Starting with the line below that holds "Magnolia kobus blossoms" and stopping after the line that holds "Afterall, you’re reading", transcribe the lines exactly, leaving out all pictures.

• [Provided data]
━━━━━━━━━━
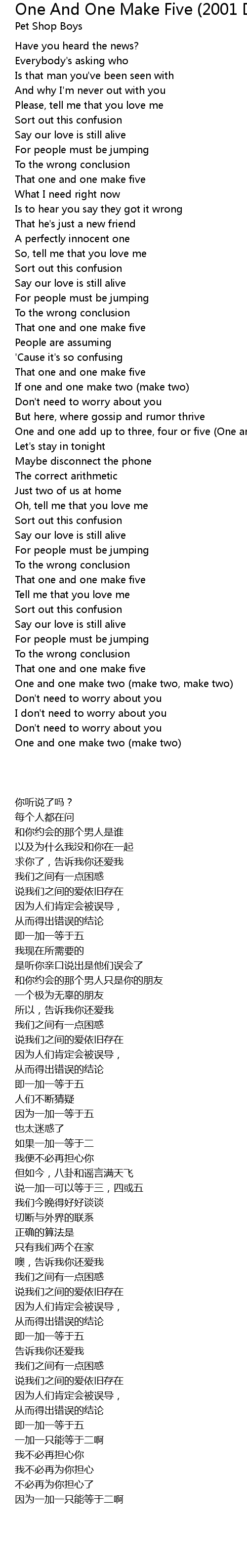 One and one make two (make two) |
━━━━━━━━━━
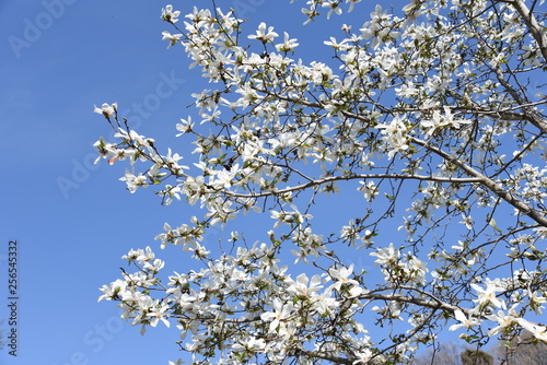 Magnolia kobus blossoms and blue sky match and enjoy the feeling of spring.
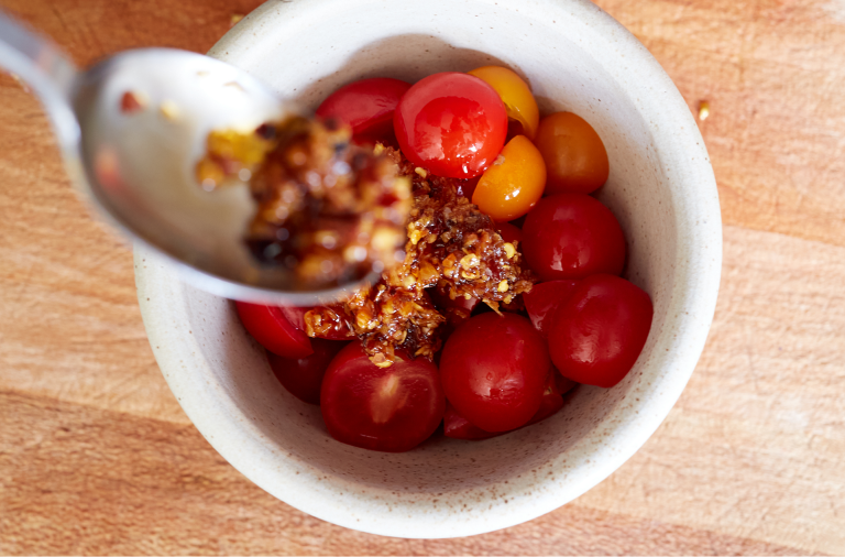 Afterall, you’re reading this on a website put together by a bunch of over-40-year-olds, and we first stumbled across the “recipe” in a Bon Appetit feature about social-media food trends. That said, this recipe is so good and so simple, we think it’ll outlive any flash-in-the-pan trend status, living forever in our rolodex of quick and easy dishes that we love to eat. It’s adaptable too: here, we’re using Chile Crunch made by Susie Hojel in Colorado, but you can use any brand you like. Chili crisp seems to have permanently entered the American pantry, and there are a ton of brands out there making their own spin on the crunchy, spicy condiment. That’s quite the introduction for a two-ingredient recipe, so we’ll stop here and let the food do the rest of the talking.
━━━━━━━━━━
• [Response to the exercise]
 Magnolia kobus blossoms and blue sky match and enjoy the feeling of spring.
 Afterall, you’re reading this on a website put together by a bunch of over-40-year-olds, and we first stumbled across the “recipe” in a Bon Appetit feature about social-media food trends. That said, this recipe is so good and so simple, we think it’ll outlive any flash-in-the-pan trend status, living forever in our rolodex of quick and easy dishes that we love to eat. It’s adaptable too: here, we’re using Chile Crunch made by Susie Hojel in Colorado, but you can use any brand you like. Chili crisp seems to have permanently entered the American pantry, and there are a ton of brands out there making their own spin on the crunchy, spicy condiment. That’s quite the introduction for a two-ingredient recipe, so we’ll stop here and let the food do the rest of the talking.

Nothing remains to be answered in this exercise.